Diamond Queen is a 1940 Hindi action adventure comedy film. It was directed by Homi Wadia and produced by Wadia Movietone. It starred Fearless Nadia, John Cawas, Radha Rani, Sayani Atish, Sardar Mansur, Dalpat, Kunjru, and Boman Shroff. This film was the seventh in the Diamond thriller series with the first being Veer Bharat in 1934, directed by Homi Wadia under the production of J. B. H. Wadia. It is cited as one of the best films produced by the Wadia brothers. The film's success saw Homi Wadia becoming a producer by which he was able to obtain raw stock for his films due to the rationing of two films per producer during the Second World War.

==Plot==
The film is set in Diamond Town where Madhurika returns following five years of studies in Bombay. She is the Bambaiwali the townspeople have been waiting to see. She returns to her town wearing western clothes and looking fit and to her father's query, she replies that she's been working out in the Bombay gymnasiums. The town is reeling under the brutal atrocities of the mustachioed bushy eye-browed villain, Kedarnath (Sayani Atish) who has usurped the Prince's place while he is away. Kedarnath had been given a charge by authorities to weed out corruption but is instead heavily into corruption, taxing people and outrages against women. He also has an enemy in the dacoit Diler as he cheated on Diler's father many years ago. Diler was the sole survivor in his family when Kedarnath burnt his family home. He had been given a dying oath by his father to take revenge against Kedarnath. Madhurika joins up with the dacoit Diler and manages to deliver the town from the evil Kedarnath. She advocates for women's literacy and independence and uses dialogues like: 'If the nation is to be freed, the women have to be free first.'

==Cast==
- Fearless Nadia as Madhurika
- John Cawas as Diler Daku
- Sayani Atish as Kedarnath
- Fatma Begum as Faima
- Boman Shroff
- Radha Rani
- Sardar Mansur
- Dalpat
- Kunjru

==Production==
The film dealt with women's emancipation and showed Nadia minus her mask and whip. Although based on the Pearl White character of "Perils of Pauline", especially in Hunterwali, similarities were reduced in Diamond Queen. The films made under Wadia Movietone by Homi Wadia and starring Nadia had several commonalities like her hero John Cawas and Boman Shroff, a horse called Punjab ka Beta (Son of Punjab), an Austin car and a dog called Gunboat.

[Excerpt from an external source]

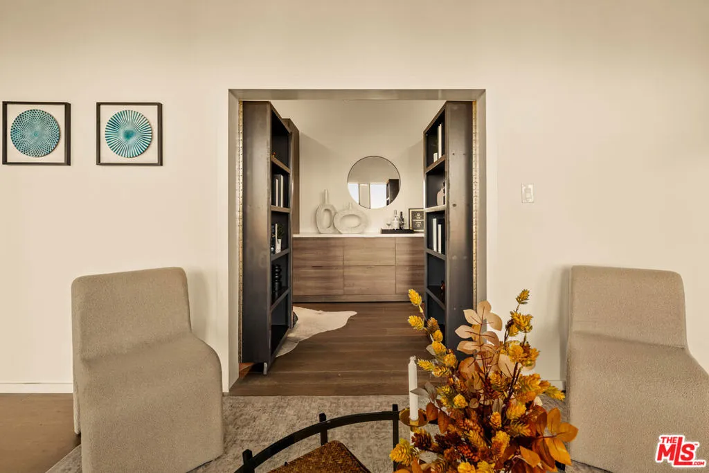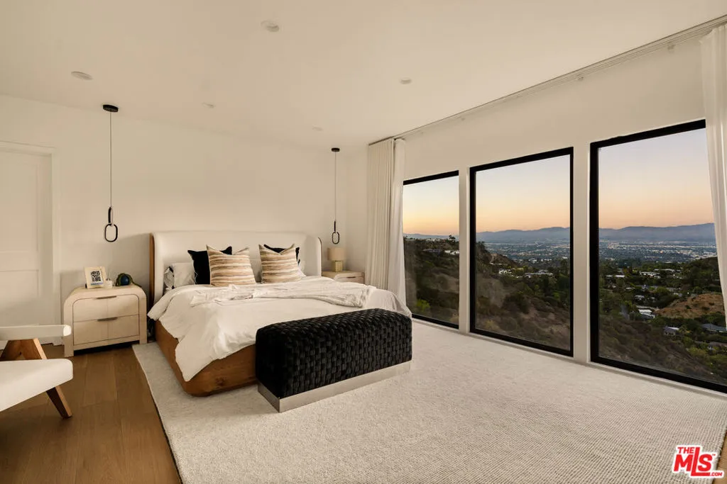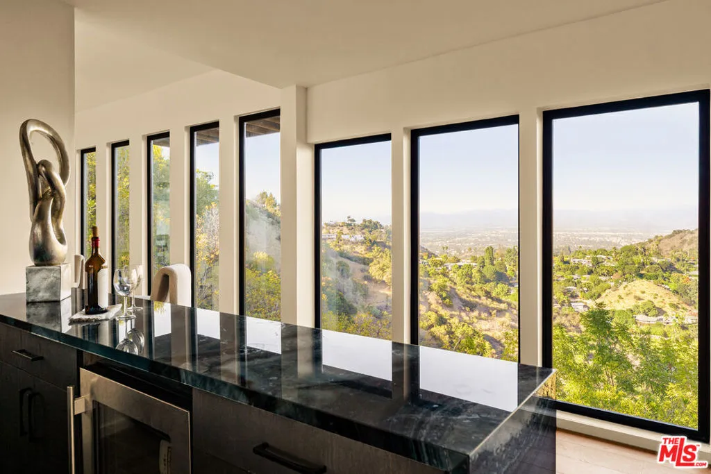 Perched high above Laurel Canyon, The Skyline Residence is all about the views and the feeling that comes with them. Panoramic city lights stretch across the horizon, sunsets pour into every room, and the energy of the canyon meets the skyline in a way that feels both elevated and completely private. Walls of glass slide open to dissolve the boundary between indoors and out, flooding the home with natural light and extending the living space onto expansive decks, capturing the essence of California living. From there, the home reveals its architectural soul. A sculptural curved plaster staircase rises beneath soaring ceilings, anchoring a space that feels both dramatic and inviting. The main level flows seamlessly from a statement living room to a refined dining area and into a chef's kitchen outfitted with custom oak cabinetry, striking Taj Mahal quartzite counters, and top tier appliances. Above, the upper deck centers around a heated pool with panoramic skyline views, surrounded by space to lounge, dine, and take in the sunset. Below, a covered terrace offers a more intimate escape for morning coffee, yoga, or shaded afternoons, while a private staircase leads to a lush garden retreat. The primary suite is its own sanctuary. Wake to walls of glass framing the city, then unwind in a spa like bath featuring a freestanding tub, a stunning walk in shower, custom vanity, and skylight overhead. A boutique style walk in closet completes the experience. Two additional bedrooms and a beautifully appointed bath provide flexibility for guests or family. The lower level is designed for connection and creativity, with multiple lounge areas, a custom bar, and a hidden room tucked behind a bookshelf. Whether used as a screening room, studio, office, or wellness space, it adapts to your lifestyle. Smart home features include Lutron lighting, integrated sound, and a two car garage. Set on a quiet street within the coveted Wonderland School District, The Skyline Residence offers rare privacy just minutes from West Hollywood, Beverly Hills, and Studio City. This is more than a home. It's a vantage point, a feeling, and a lifestyle above it all.

During the filming, Nadia did most of her stunts herself. According to one report B. K. Karanjia visited her on the sets of Diamond Queen and found her doing all her stunts, and enjoying herself in the process.

==Reception==

The film was a considerable success at the box office and also garnered critical acclaim. The Filmindia editorial by Baburao Patel in 1940 called it "a thought-provoking film that enlightens as it entertains".